My first port of call was Mexico City, a city that, on reflection, I wish I’d enabled myself to explore more, but reading too much into districts to avoid had left me seeing just a fraction of a wonderful place.
My initial feeling was apprehension after a taxi journey from the airport to the hotel mainly passed by polluted billboards, food stalls and heavy traffic. However, after just one night, all this was brushed aside. I ambled idly around what the hostel staff had marked as ‘safe zones’ and discovered a vibrant city full of life, amazing buildings and friendly people. No cycling for me just yet as I decided to spend my time in the country’s capital exploring these streets before taking a tour of the ancient site of the Teotihuacan pyramids – known as a ‘place of the Gods’ by locals.
I was in Mexico City for a few days overall, and after seeing the amazing ancient pyramids and more of the city’s winding and unpredictable streets, my bus out of town was booked.

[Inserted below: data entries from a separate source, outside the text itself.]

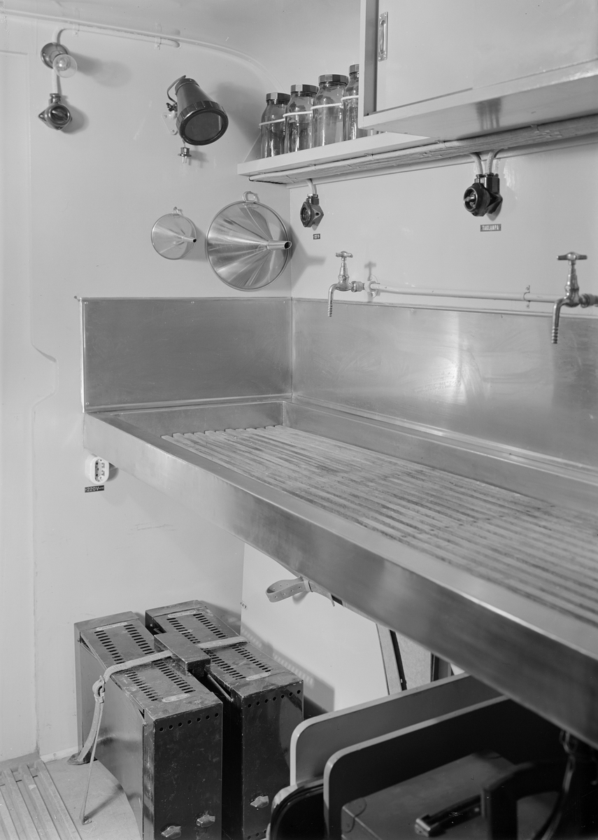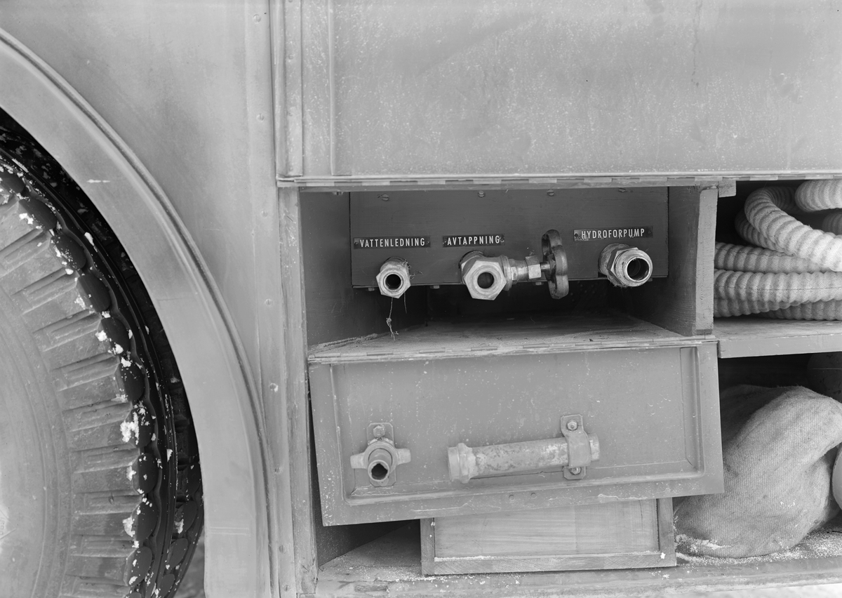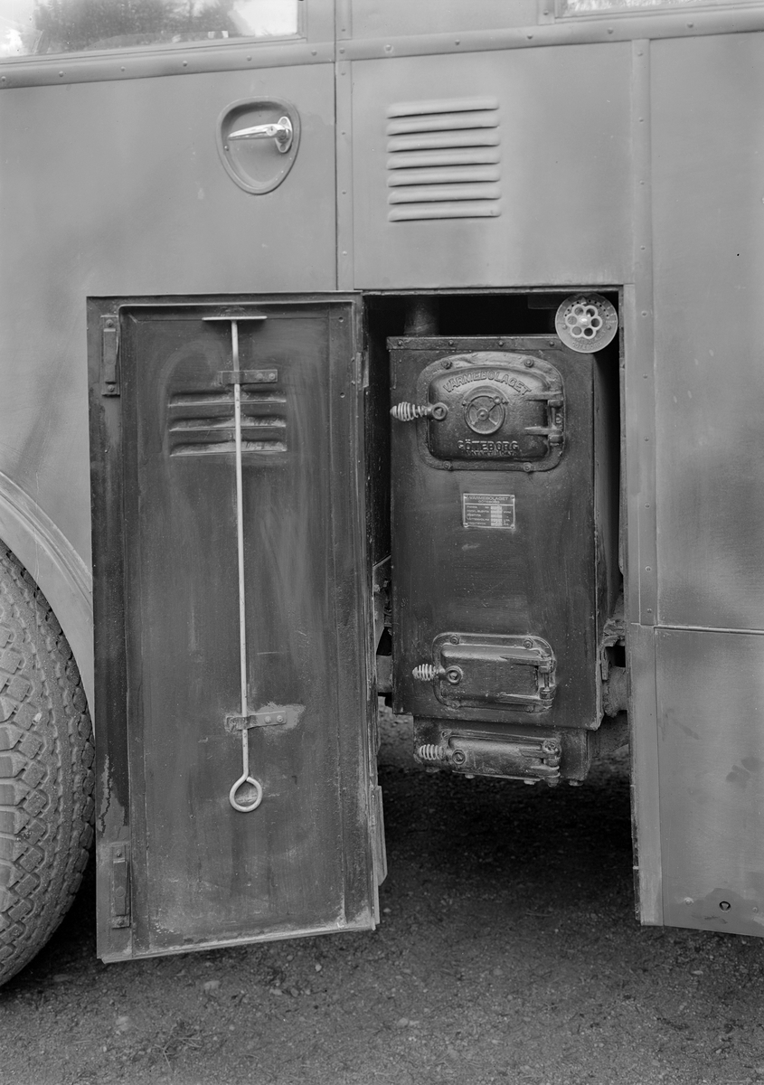 Fotobil modell m/45 med batterilucka utdragen respektive öppen. Exteriör.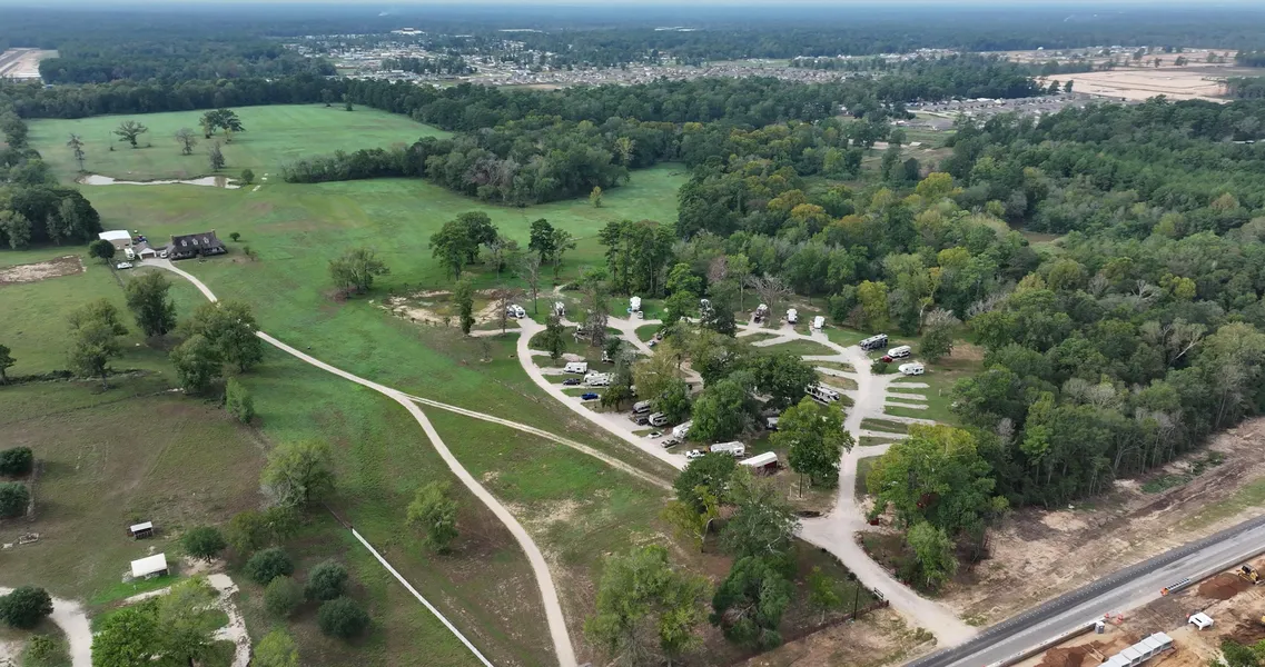 Approximately 112 acres of country living along Caney Creek. Beautiful 3-bedroom 2.5 bath home, built in 2017 with an implement barn for your tractor and/or hay implements. The front northwest part encompasses approximately 11 acres where you'll find a 49 space RV Park (Income Producing) with room to add more spaces. Caney Creek traverses to the back of the property. The is a current ag exemption in place with a low tax base. This property is set up to pay dividends immediately to the owner through the RV Park operation. Plenty of space for expansion! Excellent location and close to many amenities that Conroe has to offer.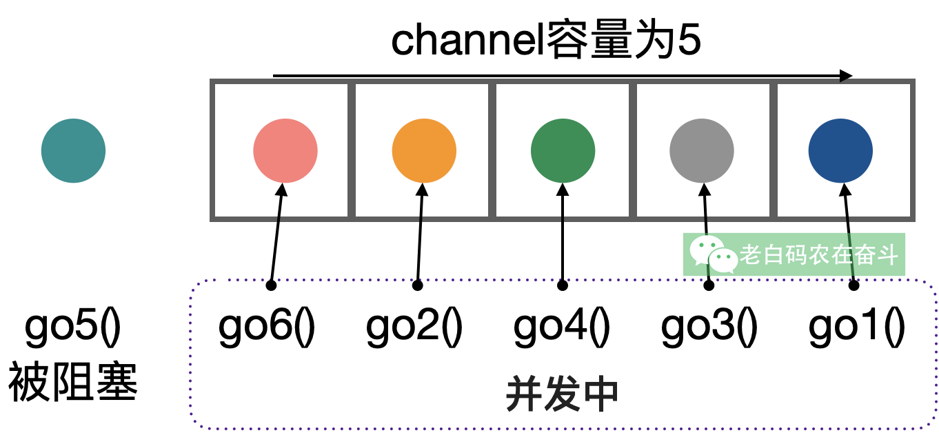 使用通道容量控制并发数,非常典型。经过通道的元素总数数对应于总的需要处理的次数,而通道容量则对应并发的最大数量。通过往通道发送获取信号量,从通道接收来释放信号量。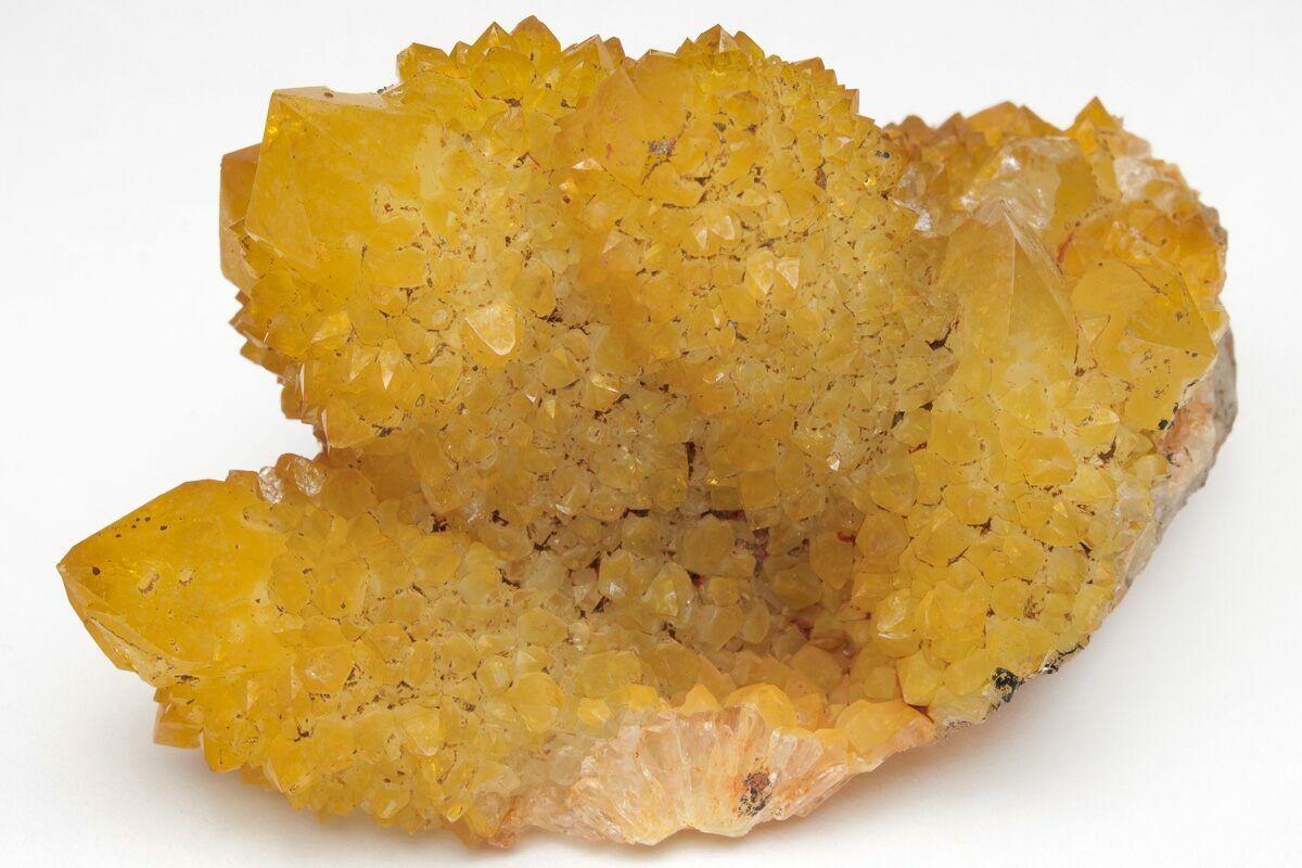 This is a beautiful orange cactus quartz cluster from the Boekenhoutshoek area of South Africa. It has a unique orange/yellow coloration due to the presence of iron oxides (limonite).

My second stop was where my first cycle happened – in the city of Puebla, lying South-East of Mexico City. By contrast, it was a quiet location bursting with colonial influence and scattered with parks and gardens aplenty. After a lot of searching, I finally managed to find a place from which I could borrow a pair of wheels – a place that claimed to be the only bike-hire establishment in the city. So I guess, by default, the best.
Aboard my high-standard city bike, I weaved in and out of streets baring colourful casas, wheeled my way through more parks and squares, and locked up to visit museums and learn more about this beautiful city. And just like that, a few days had passed and it was time for me to catch the bus to Oaxaca…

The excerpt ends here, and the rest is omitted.